Task goal:
Produce a word-for-word copy of the data that follows, excluding images.
[Data extract]
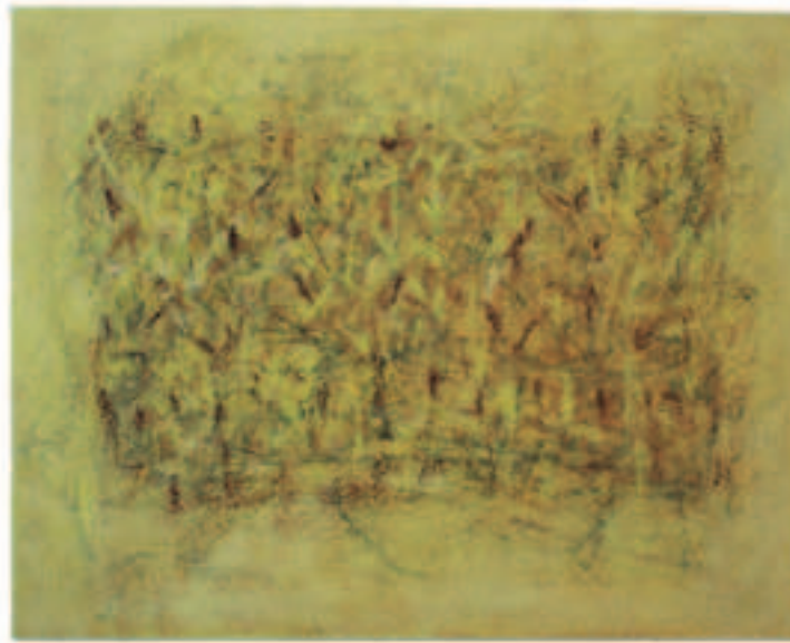
Gelb außer Rand u. Band, Mischt./Öl a. Lwd., 69/87 cm, 2011
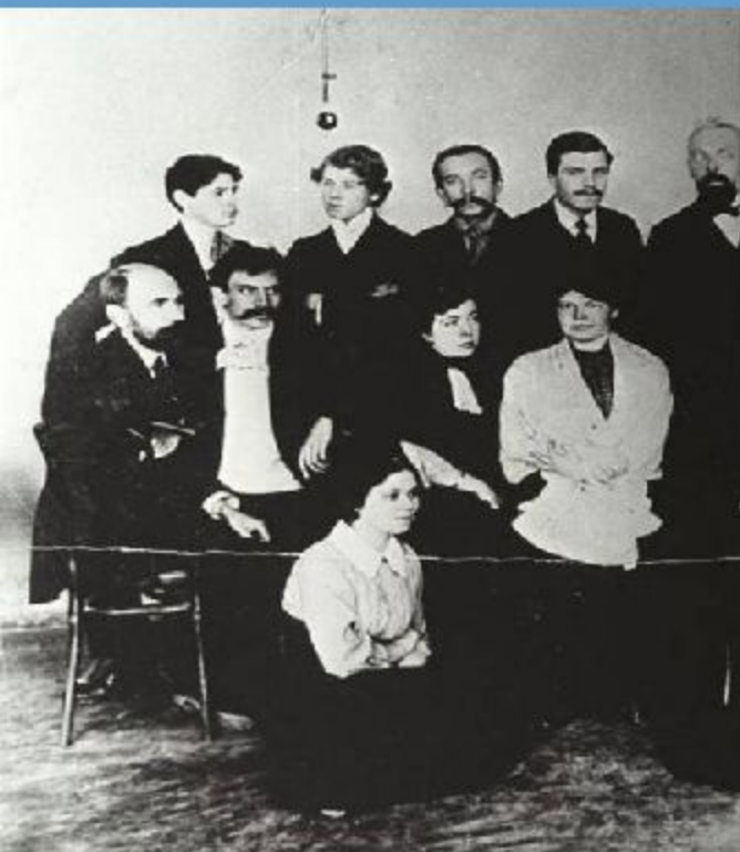
Сергей Есенин с работниками типографии, 1914 год

В Семнадцать лет уехал в Москву, где работал корректором в типографии, продолжал писать стихи. В 1912 году поступил в Народный университет А.Шанявского на историко-философское отделение, где проучился полтора года.
[/Data extract]
Response below:
Gelb außer Rand u. Band, Mischt./Öl a. Lwd., 69/87 cm, 2011
Сергей Есенин с работниками типографии, 1914 год

В Семнадцать лет уехал в Москву, где работал корректором в типографии, продолжал писать стихи. В 1912 году поступил в Народный университет А.Шанявского на историко-философское отделение, где проучился полтора года.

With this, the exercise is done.